Data:
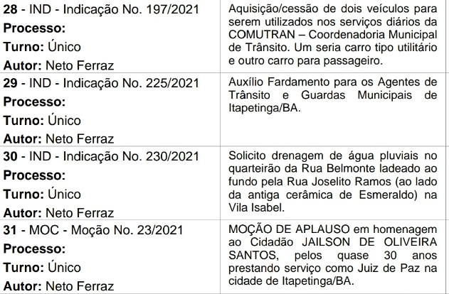 Na ocasião foram aprovadas c⁷erca de 40 proposições. Entre elas, 03 indicações e 01 monção de aplausos do Vereador Neto Ferraz (PSC). Todas aprovadas por unanimidade.
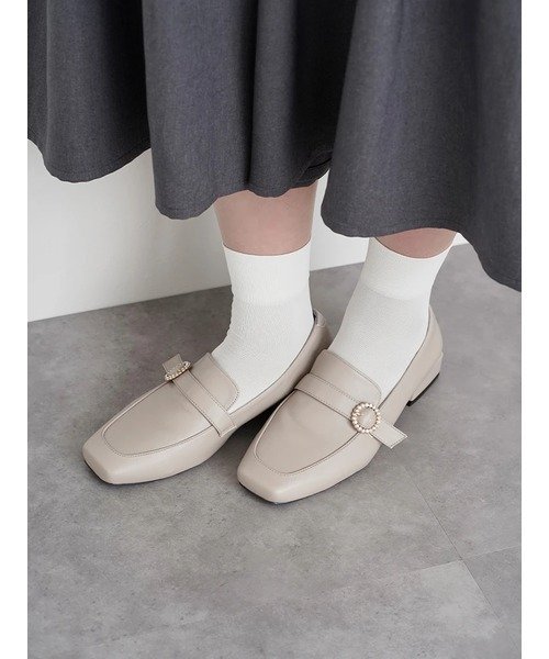 Re-J&SUPURE 【la farfa SHOES/ラ・ファーファシューズ】ビジュー付きスクエアローファー リジェイアンドスプル シューズ・靴 パンプス ホワイト【送料無料】
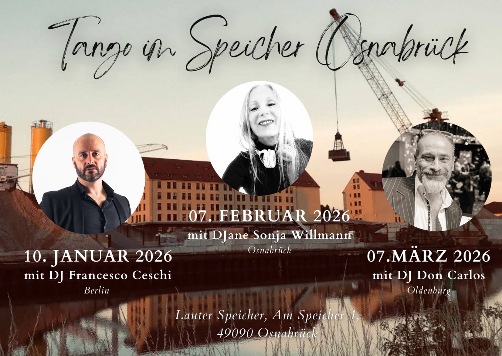| 07.02.2026 (Samstag) | Tango im Speicher (LAUTER Speicher Am Speicher 1 49090 Osnabrück) |

Task requirements: Except for the pictures, return every line of the material exactly.

Exercise response:
 Na ocasião foram aprovadas c⁷erca de 40 proposições. Entre elas, 03 indicações e 01 monção de aplausos do Vereador Neto Ferraz (PSC). Todas aprovadas por unanimidade.
 Re-J&SUPURE 【la farfa SHOES/ラ・ファーファシューズ】ビジュー付きスクエアローファー リジェイアンドスプル シューズ・靴 パンプス ホワイト【送料無料】
| 07.02.2026 (Samstag) | Tango im Speicher (LAUTER Speicher Am Speicher 1 49090 Osnabrück) |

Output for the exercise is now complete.